Hi folks, first timer here. I've been reading a lot of posts about the Barista Touch (and Tom's sticky about Sage idiosyncrasies) but haven't found anything about my specific problem so hopefully you'll indulge me!

I got a Barista Touch a couple of weeks ago and found that regardless of the bean or grind setting it would always take at least 34 seconds to grind an 18g dose. Since the machine won't let you set more than 30 seconds I figured something was up. I got in touch with Sage, who had me manually reset the burrs but it didn't fix the problem. I received a replacement machine this morning and it has the same slow grind. (I'm using fresh beans and have tried several so I'm pretty sure that isn't the problem).

Does anyone recognise this issue? How long does your BT take to grind 18g? Any suggestions? I could live with having to manually grind for an extra few seconds but if this is indicative of a problem with the grinder I don't want it struggling away every day then breaking down when I'm out of warranty!

I tend to do my homework before big purchases so I knew this was never going to be "press the button and go" but this is very disappointing.

Thanks in advance for any help.

James


----------



## damo6925 (Jul 26, 2020)

Weird you mention this someone else was having a similar issue on another thread recently... It takes mine 18-22 seconds usually to grind 18g. What beans are you using just out of interest?

Sent from my PCT-L29 using Tapatalk


----------



## Jimmy L (Nov 22, 2020)

Interesting - hadn't found that one in my search!

'Decent' beans I've tried are an Indian Monsoon Malabar from Iron & Fire (through Beans Coffee Club) and a washed caturra from Colombia (from a local roaster in Bristol). Both less than a fortnight from roast date.


----------



## 24774 (Mar 8, 2020)

Jimmy L said:


> regardless of the bean or grind setting it would always take at least 34 seconds to grind an 18g dose.


 Isn't the grinder on a timer? I have a BE so I'm not exactly sure if it's same with the Pro, but on the BE there a knob to set grind length. Is your grinder actually grinding beans for all that time, are grounds trickling out for the full 34 seconds?

For reference my BE grinds 19g in 17 seconds.


----------



## damo6925 (Jul 26, 2020)

CocoLoco said:


> Isn't the grinder on a timer? I have a BE so I'm not exactly sure if it's same with the Pro, but on the BE there a knob to set grind length.

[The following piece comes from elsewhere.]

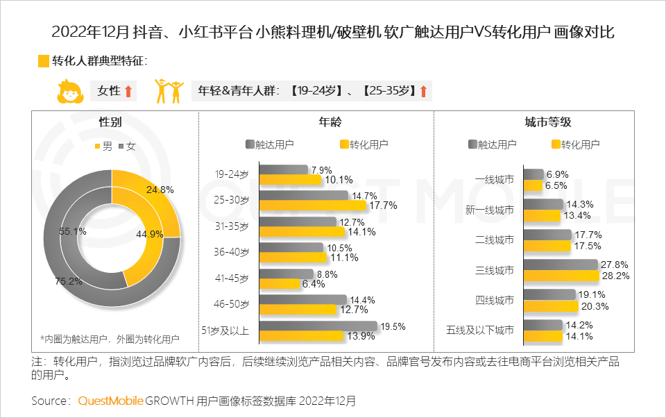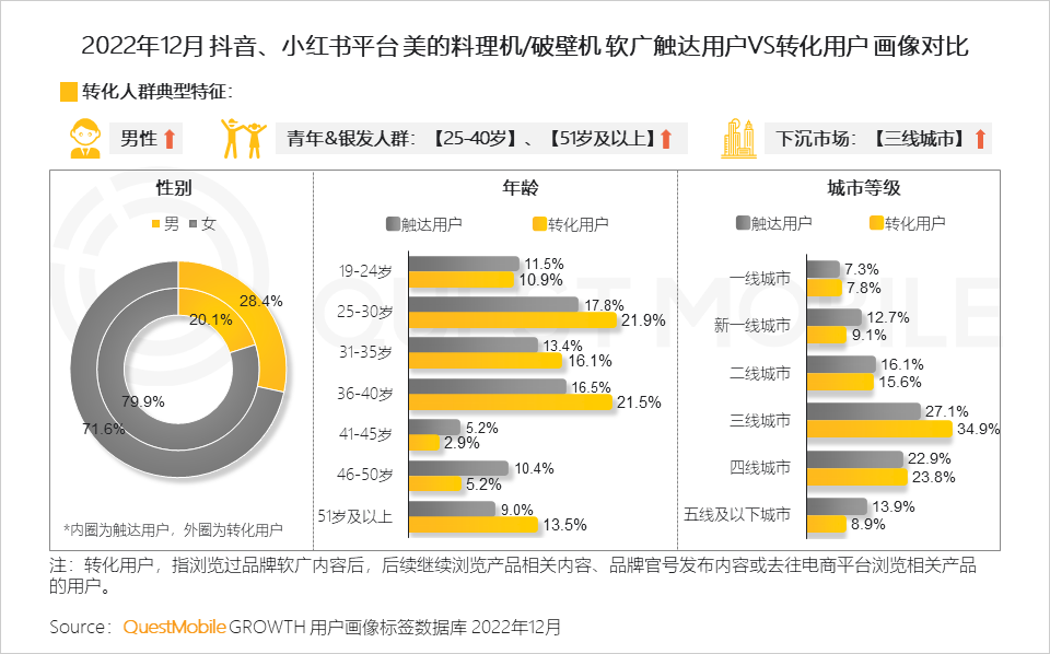 13、与小熊不同的是,美的破壁机内容带动了银发人群的转化,此外,也在男性、三线城市用户中带动行为转化,也与其后续内容关注度高但电商转化低有一定联系

Is your grinder actually grinding beans for all that time, are grounds trickling out for the full 34 seconds?
> For reference my BE grinds 19g in 17 seconds.


On the barista touch, it's on the screen, so you can adjust the length of time of the grind by tapping the screen and adjusting the amount of seconds you want.

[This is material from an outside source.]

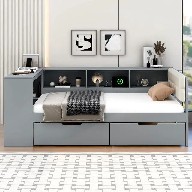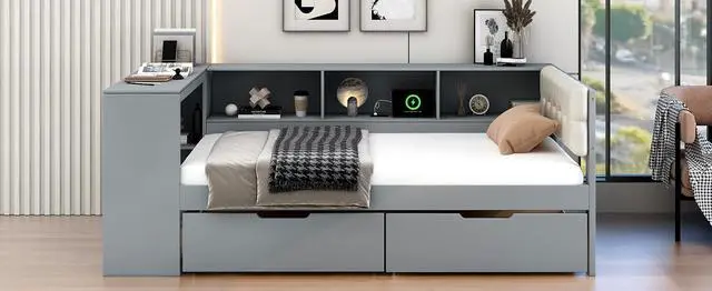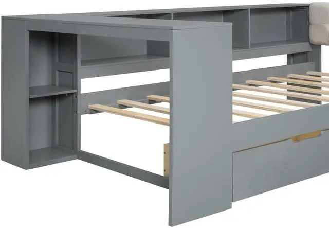 • Wood Twin Size Platform Bed with Storage Shelves, Drawers, Charging Station and Upholstered Headboard, Gray

Seems an awful long time to be constantly grinding beans. As I say there was another thread recently where this wasn't the actual problem but they said it took them like 28-30 seconds to get the required 18g. With mine which is 3/4 months old it takes 18-22 seconds depending on the beans.

Sent from my PCT-L29 using Tapatalk


----------



## Jimmy L (Nov 22, 2020)

So the new machine seems to have hit its stride now - grinding 18g in about 23 seconds.

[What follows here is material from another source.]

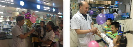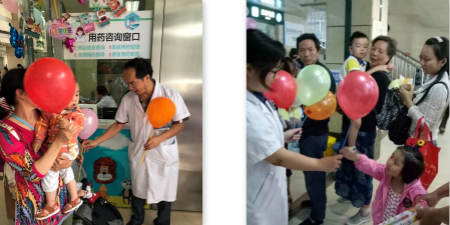 “六一儿童节”是孩子们欢笑的日子,药学部用色彩艳丽的气球与彩带将药房和用药咨询处布置一新,营造了浓厚的节日氛围。药师在为前来取药的患儿与家属发放药品并解答用药问题后,送上了气球和贴纸作为小礼物,真切地送上一句祝福——祝孩子早日康复!

It does make me wonder about the first-use experience for Barista Touch buyers though. The machine starts for the first time in a kind of 'welcome' mode, grinding for 15 seconds and having you tamp then razor. All you're going to get is a lousy shot and the only suggestion the machine offers for fixing it is grind size, which is going to help not a jot. Ah well!


----------